Of course, I could have just made them any time in the past 11 months but sometimes I get this mental block about using ingredients that are out-of-season. Like, it’s wrong somehow. Blueberries? Major seasonal ingredient. This, however, didn’t preclude the use of said maple syrup on plenty of pancakes (or on these sweet potatoes) since last spring but you get what I mean. I hope. (I’m not crazy, I swear.)
Anyway, these scones are amazingly delicious. The whole wheat flour adds an extra layer of flavor to them in the form of a little nuttiness and the butter…oh the butter! Nearly 3/4 cup butter for 8 scones – not hip-friendly but so, so good. These aren’t sweet scones by any stretch but you can pull out just enough of the maple to know the intention of the recipe. The tops will turn out super craggy and crunchy and to me, that’s always, always the best part of a scone. As for the extra batch that I made and froze? I don’t see them last through next week.
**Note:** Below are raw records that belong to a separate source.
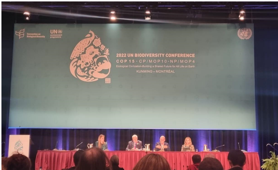
Figura 2. Negociações do Marco Global da Biodiversidade durante a COP 15 em Montréal em dezembro de 2022.

Os debates sobre a mobilização de recursos para a conservação da biodiversidade foram centrais nessa COP. O texto final do documento traz em sua meta 19 um conjunto de medidas que as partes se comprometeram a adotar para um aumento substancial de recursos de diferentes fontes. A meta também menciona o fomento às estruturas inovadoras como fundos de impacto, títulos verdes ( green bonds ) e créditos de biodiversidade.
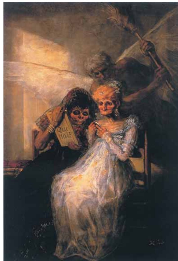
Франсиско ГОЙЯ Время, или Старуха Ок. 1808–1812 Холст, масло. 181 × 125 Дворец изящных искусств, Лилль

Romanticism, the partial partner of Enlightenment, displayed more zest for life and in time created a distinct image in literature, music and art, as illustrated in the exhibition's sixth part. Moreover, the evident decline of faith in the West heralded by Nietzsche in his statement that "God is
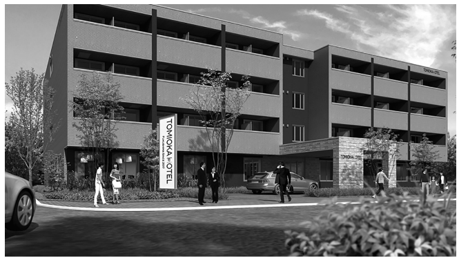
「富岡ホテル」イメージ(富岡ホテル)

施設はビジネスホテル・タイプで、鉄筋コンクリート製の地上4階、69室(シングル66、ツイン3)、1泊7300円(朝食つき)。
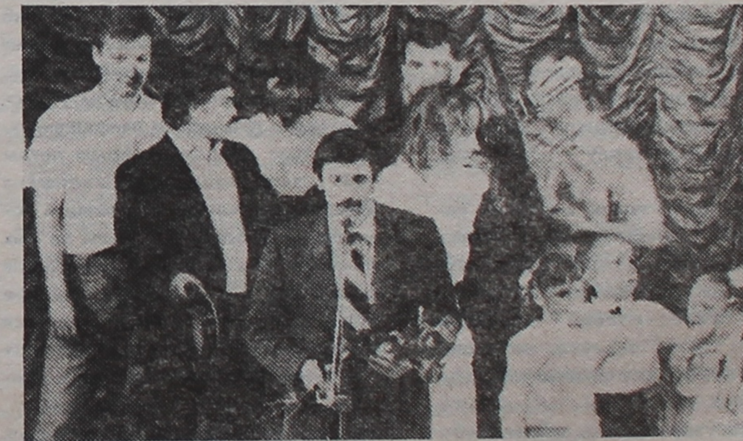
На здымку: фінальны момант гала-канцэрта.

Праграму вялі былыя вядучыя канцэртных і конкурсных праграм клуба "Малодосць" Святлана Страіцэлева і Андрэй Віннікаў, а таксама мастацкі кіраўнік (яна ж ініцыятар правядзення гэтага гала-канцэрта) Марына Шырынкіна. Трэба аддаць належнае яе арганізатарскім здольнасцям, бо ўсё атрымалася на вышэйшым узроўні.
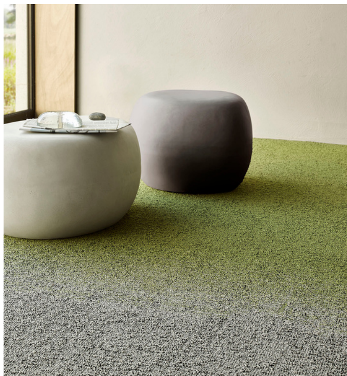
FUSE 7073, FIELDS 7072, FIELDS 9515
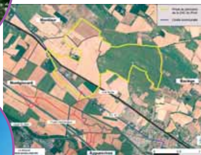
Le site du Rivel
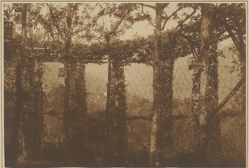
Innenansicht eines «Roccolo»

lenartiges, aus Schlingpflanzen hergestelltes Rondell, in dessen Mitte kunstgerecht geschnittene Bäume ein kuppelähnliches, nicht zu enges Dach bilden. Die den Fenstern gleichenden Zwischenräume werden im Innern der Rundlaube mit einem weitmaschigen Netz überspannt und dieses in einem Abstand von ungefähr 20 cm von einem zweiten, engmaschigen Netz überdeckt.
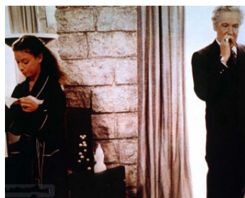
1982 LA MAISON AU TAPIS JAUNE (La Casa del tappeto giallo) de C. Lizzani avec B. Romand
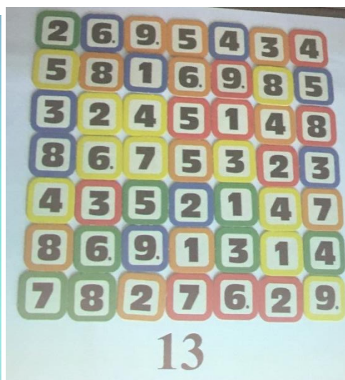
Cycle 2 DUO
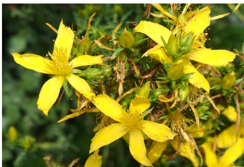
Johanniskraut Hypericum perforatum

Oat and Maple Syrup Scones
source: adapted from Breakfast Lunch, Tea: The Many Little Meals of Rose Bakery via Smitten Kitchen
I’m posting only weights for the ingredients of this recipe because that’s how I decided to make it. So, while I can’t particularly confirm the accuracy of the volume measurements in the linked recipe on Smitten Kitchen, Deb can. If you have a kitchen scale, go ahead and use it – it’s good practice and likely more accurate to weigh your dry ingredients anyway.
- 260 grams all-purpose flour, plus extra for dusting surface
- 80 grams whole wheat flour
- 1/2 cup (35 grams) old-fashioned oats
- 1/2 tsp cinnamon
- 1 very heaped tbsp baking powder
- 1 very heaped tbsp light brown sugar
- 1/2 tsp table salt
- 11 1/2 tbsp (just shy of 3/4 cup) cold unsalted butter, cut into pieces
- 1/4 cup maple syrup
- 1/4 cup milk or buttermilk
- 1 tsp pure vanilla extract
- 1 egg, beaten with 1 tbsp water (for egg wash)
- Preheat oven to 400 degrees F. Line a baking sheet with parchment paper.
- Weigh the flours and oats in a large bowl set on top of a zeroed-out kitchen scale, zeroing out the scale after each ingredient addition. Whisk in the baking powder, brown sugar, and salt. Cut in the butter with a pastry blender, two knives, or your fingers. In a 1 cup liquid measuring cup, whisk the maple syrup, buttermilk, and vanilla together and stir the wet mixture into the dry ingredients just until a dough begins to form. If the dough seems really dry, add some extra buttermilk – only enough to get the dough to come together.
- Transfer the dough to a lightly-floured work surface and work it into a disc about 1 1/4″ high with your hands or a rolling pin. Cut out the dough into desired shapes with biscuit or cookie cutters or a knife. I went the way of my stainless dough scraper and simply cut out squares so I wouldn’t have re-roll the scraps.
- Place the scones on the baking sheet and brush the tops with the egg wash. Bake for 20-25 minutes, until they are golden brown. These scones are best served fresh from the oven but they are still pretty great reheated at 300 degrees F for a few minutes even 3-4 days later.